There was a soft knock on my door and I turned away from the door and faced my window again. I heard soft footsteps walk toward me and stop beside the edge of my bed. I felt a dip beside me and a hand on my shoulder.

Price: Alia? You need to take a shower sweetie.

Alia: no.

Price: I can fix a bath. You can lay down and you won't have to stand and strain yourself.

Alia: I don't want to do anything.

Price: I know sweetheart, but you have to clean yourself and I have to bandage your hand. Come on I'll help you up if you don't want to walk.

Alia: fine.

Price came over to me and held out his hand for me. I took it slowly and got out of bed. He walked with me to the bathroom and got a first aid kit.

I was leaning against the bathroom counter while price bandaged my hand. I didn't have any thoughts in my mind just emptiness.

I saw Simon walk by. Price stared at me and I knew the look on his face. That's the look you give a kid who says something awefully sad or the look you give someone who just lost everything.

Price: Don't mind him Alia. He's just a little upset, but everything will be okay.

Alia: I'm fine

Price: I've known you since you were 18 Alia. I know when you're not fine. I just want you to know there are resources for you, and me and Soap are always here for you as well. Im also sure that Simon will make it up to you soon.

Alia: im fine price don't worry. I've killed people many times before one person doesn't affect me.

Price: it wasn't just any person Alia and you know that.

Alia: I know but Im fine. Believe me. Pain only makes us stronger right?

Price sighed and cleaned up all of the bandages from the counter. He patted my shoulder when he was done and walked out.

I closed the door and looked towards the bath. I turned the knob to hot and watched the tub slowly fill with water. When the tub was filled a little more than halfway I turned the water off.

I stepped back from the bath and stripped off my clothes. I lowered my body in the water and it burnt, but it's ok. I deserve it.

My skin was really red but I didn't care. I deserved to feel pain. I deserve every bad thing that has happened, and every bad thing that will happen to me.

I laid in the tub with little to none thoughts. The burning of my skin went numb I can no longer feel the constant stinging on my body.

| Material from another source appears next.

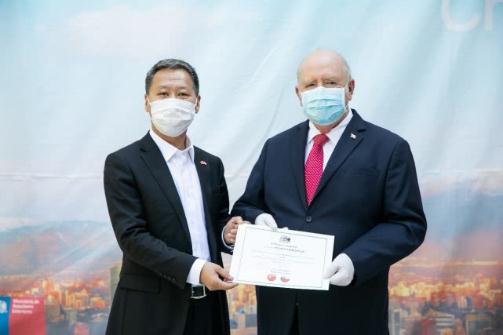 智利駐華大使路易斯·施密特親自交接抗疫醫療物資

Alia: I need to feel something.

I need to feel a sting or a burn or anything that will stop me from feeling empty. I looked around and saw Simon's Razor. He had a fancy metal one that had separated razor blades that you could switch out once the other ones went bad.

I reached to the counter that had a small tin box. I opened it and saw the various amount of blades. I picked one up and put the rest on the counter.

I looked at the blade in my hand and put it to my wrist. Just do it. I wanted to do it. I wanted to feel something. I just want to feel anything, but I couldn't bring myself to do it.

The blade hit the floor with a metallic sound. I quickly drained the bath water and got out. I wrapped a towel around me and bent to pick the blade up. I put it back in the tin and walked out of the bathroom. I saw Simon's door open. He was sitting in an office chair at his desk and doing paperwork. I saw him look up as I walked by his room.

He had a weird look on his face. He looked sad and confused. I'm not sure what that was about but I don't really care. I just want to lay down.